Let’s say somebody is like this and you’re walking and you’re trying to get this photo and the phone’s in the way and move them out of the way. Get them out of your way. You are the hired photographer of that wedding there just to guest do your job and respectfully get the distractions out of the way. It’s part of being a professional photographer is knowing how to handle these situations. That’s where this sort of rant that Hannah put out there is getting a lot of heat from the photo industry because she, in my opinion, could done something about the situation at that given moment. She could have had a second photographer and assistant somebody to handle the situation so that she didn’t have to do it, or she could have handled it herself. But I am curious about what you would do in this situation. So comment down below and let me know and be sure to click that subscribe button so that you get the next video. I publish new videos every Monday and Thursday. You don’t want to miss it.

This Post Has 3 Comments

  1. I am not a wedding photographer, but an advanced amateur.
    I have recently attended two weddings and was disturbed by the phone photographer’s at both.
    At the first, my son’s, was a casual beach ceremony.
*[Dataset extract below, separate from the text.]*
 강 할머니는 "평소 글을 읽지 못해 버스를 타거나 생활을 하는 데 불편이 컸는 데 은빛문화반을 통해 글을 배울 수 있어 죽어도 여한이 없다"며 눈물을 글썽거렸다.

There was little planning, I was asked in advance to take some traditional shots, no fee. I was the only one there with a “real” camera. Several times I had to move phone photographers who just stepped in front of me to get their shot. One was especially annoying as she had decided to video the whole ceremony for herself, even when I had staged the shot. Thank goodness for post processing to remove the phones and her arm.
    The second was a niece, who had hired a professional and clearly printed on the program that guest were to not take pictures of the ceremony. As soon as the processional started, out came the cell phones. There were others reminding the offenders to put their phone away, but there were still a dozen phones stuck out or held up. It may be a bad moment for the photographer, but is also a downer for the bride and her moment not being the way she wanted it.
    I agree the professional should have an assistant to correct these bad actors, but it is difficult without causing a disruption in the short ceremony. It is also why I take pictures of flora, landscapes, and birds.
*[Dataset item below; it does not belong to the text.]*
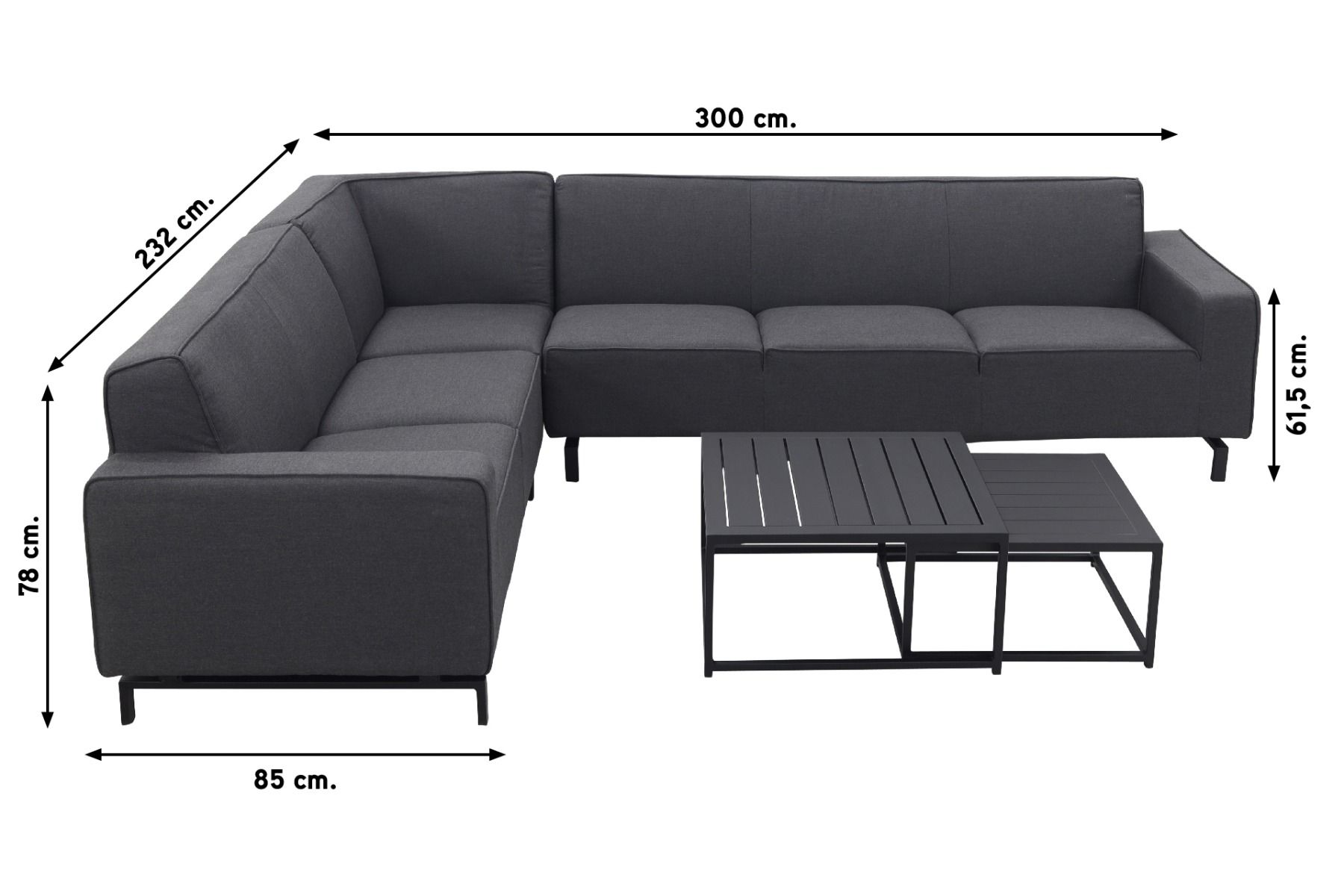De Boavista loungebank wordt gekenmerkt door de vele verschillende mogelijkheden. Deze bank heeft namelijk verschillende losse delen die naar eigen wens aan elkaar gekoppeld kunnen worden. Mocht je een combinatie willen die je nog niet hebt gezien, kan je natuurlijk altijd contact met ons opnemen! Deze loungebank wordt gesierd door een stevig aluminium onderstel. Een materiaal dat perfect is voor tuinmeubelen omdat het niet gaat roesten en geen onderhoud nodig heeft. Over het aluminium frame is Sunbrella stof aangebracht. Deze stof is van all weather kwaliteit en zorgt ervoor dat jouw loungebank heerlijk zacht is! Door de goed gevulde zitting ben je verzekerd van goed zitcomfort, een eigenschap die erg belangrijk is voor jouw loungebank.Â

  2. I have to say I haven’t had someone actually stick their phone directly into the aisle like this when I have been shooting a wedding. In this case, I would have simply walked up and got another shot. People are going to pull their phones out even when the bride and groom have asked people not to have them out.

  3. I get where you are coming from with this, but as a full-time wedding photographer, I can tell you that moment where the bride is coming down the aisle and Uncle Bob is holding his iPad in your lens can be a VERY brief moment. The number of photos you get of that moment really depends on the length of the aisle. A lot of the weddings I shoot are small to mid-sized and the aisles are not very long at all. In a lot of cases, as a photographer, you don’t have a lot of choice but to let Uncle Bob do his thing and try your best to shoot around him. There usually isn’t a lot of time to handle things diplomatically. That’s why there are so many clips online of photographers quite literally pushing people out of the way of the shot. As far as having as assistant, I would rather them be grabbing another angle of the moment in case Uncle Bob decides to camp out. I understand people are excited on a wedding day. It IS exciting, and in this day and age it is only natural to pull out your phone for everything. I tell myself it’s totally a gesture of love and enthusiasm on Uncle Bob’s part, but it also seems like an act of courtesy not to be focused on your cell phone during a wedding ceremony. No one’s fault really, and not to say that this photographer in question handled it right or wrong, but weddings are a league all their own in regard to being ready for anything. That’s for sure.